A marketing firm engaged by Turner Broadcasting's otherwise-awesome "Adult Swim" tv programs set up a bunch of kooky, semi-obscene Lite-Brite displays throughout 10 American cities. It was a guerilla WOM campaign for the cable program's "Aqua Teen Hunger Force" cartoon. Here in Boston, the locals went ape. "IT'S A BOMB! SHUT DOWN THE CITY!" Certainly a firememe was ignited online, and many marketing/advertising books are on the case. (I've also used this li'l kerfluffle to try out the new Technorati "WTF" function.)

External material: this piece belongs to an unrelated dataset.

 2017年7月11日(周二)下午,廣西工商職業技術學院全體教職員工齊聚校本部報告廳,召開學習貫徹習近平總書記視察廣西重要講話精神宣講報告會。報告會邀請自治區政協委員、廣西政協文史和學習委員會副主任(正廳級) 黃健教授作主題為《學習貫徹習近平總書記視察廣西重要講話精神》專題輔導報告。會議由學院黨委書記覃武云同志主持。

I am not going to comment on whether or not this campaign was a good idea. It depends on whether you think "any press is good press" and personally my opinion on that age-old question tends to change with the winds. I am also not going to bother opining about the fact that the residents of Boston (cradle of American democracy! home of the original Minutemen!) reacted much more frenziedly than the citizens of the 9 other "target" cities. What's interesting to me is the reaction of our young staffers, here in our HQ office.

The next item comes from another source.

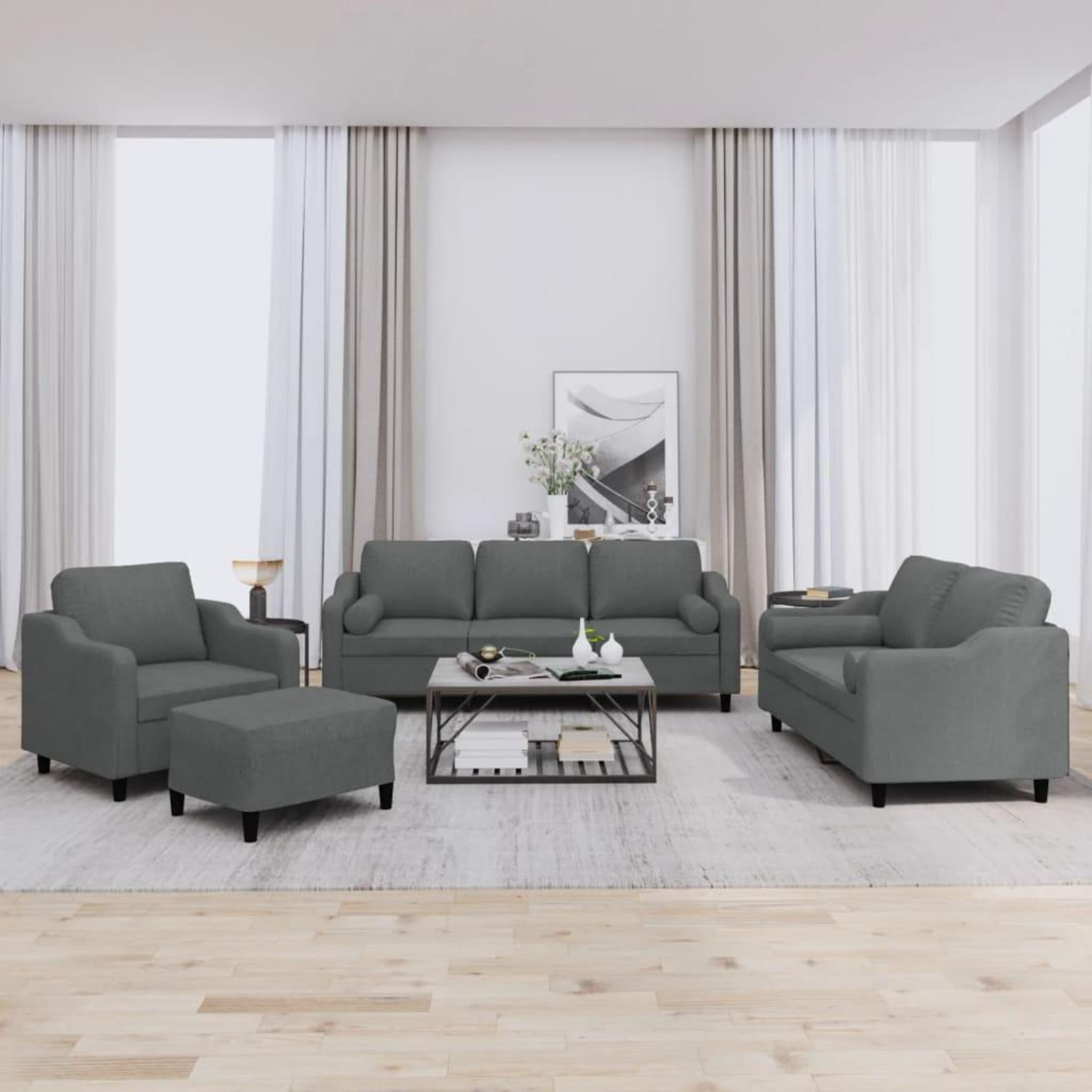 Ensemble de canapes 4 pcs coussins gris fonce tissu

These are children of 9/11. Many of them were in high school when the Towers fell. The first years of their young adulthood were color-coded by the Homeland Security Alert system. Has this made them more sensitive to whiffs of terror? Has it made them less tolerant of poorly-designed marketing stunts that could be misconstrued, as happened here in Beantown?
Based on my anecdotal review of the email threads, most of these staffers tend to feel that the hoopla has been overblown --- both by Boston officials and by the media. Terror threats? Fact of life. Move on.

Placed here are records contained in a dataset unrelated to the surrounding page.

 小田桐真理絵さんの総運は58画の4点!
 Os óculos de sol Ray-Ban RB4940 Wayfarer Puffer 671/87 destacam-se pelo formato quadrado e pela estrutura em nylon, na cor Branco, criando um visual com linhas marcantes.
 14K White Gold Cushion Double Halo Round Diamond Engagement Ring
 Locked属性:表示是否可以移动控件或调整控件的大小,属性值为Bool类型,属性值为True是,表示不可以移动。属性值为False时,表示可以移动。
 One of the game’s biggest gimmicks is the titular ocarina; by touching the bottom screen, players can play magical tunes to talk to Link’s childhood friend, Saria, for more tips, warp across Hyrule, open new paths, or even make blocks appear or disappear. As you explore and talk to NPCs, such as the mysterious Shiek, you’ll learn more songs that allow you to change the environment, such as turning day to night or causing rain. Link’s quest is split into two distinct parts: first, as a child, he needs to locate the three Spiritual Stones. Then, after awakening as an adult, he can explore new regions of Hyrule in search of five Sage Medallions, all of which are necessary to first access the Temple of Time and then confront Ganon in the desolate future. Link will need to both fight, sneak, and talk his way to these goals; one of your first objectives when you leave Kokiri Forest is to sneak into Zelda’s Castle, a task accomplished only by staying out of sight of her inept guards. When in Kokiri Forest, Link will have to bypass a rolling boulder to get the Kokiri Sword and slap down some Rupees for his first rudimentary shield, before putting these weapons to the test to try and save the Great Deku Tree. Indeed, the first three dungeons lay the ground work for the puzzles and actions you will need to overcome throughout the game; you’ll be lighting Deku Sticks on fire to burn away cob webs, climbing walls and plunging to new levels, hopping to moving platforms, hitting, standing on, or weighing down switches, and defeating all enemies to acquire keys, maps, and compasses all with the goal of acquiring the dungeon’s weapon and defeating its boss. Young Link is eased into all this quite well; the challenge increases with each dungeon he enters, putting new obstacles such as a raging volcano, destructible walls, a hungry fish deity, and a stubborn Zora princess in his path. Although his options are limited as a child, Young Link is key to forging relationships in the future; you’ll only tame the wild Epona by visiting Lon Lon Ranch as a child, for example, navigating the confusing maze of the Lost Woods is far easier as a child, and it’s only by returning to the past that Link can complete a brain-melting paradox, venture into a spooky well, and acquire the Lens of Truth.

That's not to say that anyone thought that the original campaign was brilliant. Typical internal email:
"At first I thought this was a dumb hoax and a bad idea, that strapping any kind of device to a bridge was dumb. The more I hear the outrage though [the lead story on the Today Show? Really?], the more I feel like people are overreacting. This is what happens when you don't have a runaway bride story to chase down."
(This led to a quick debate about "whether or not the Thundercats would have let something like this go down," but that's another story.)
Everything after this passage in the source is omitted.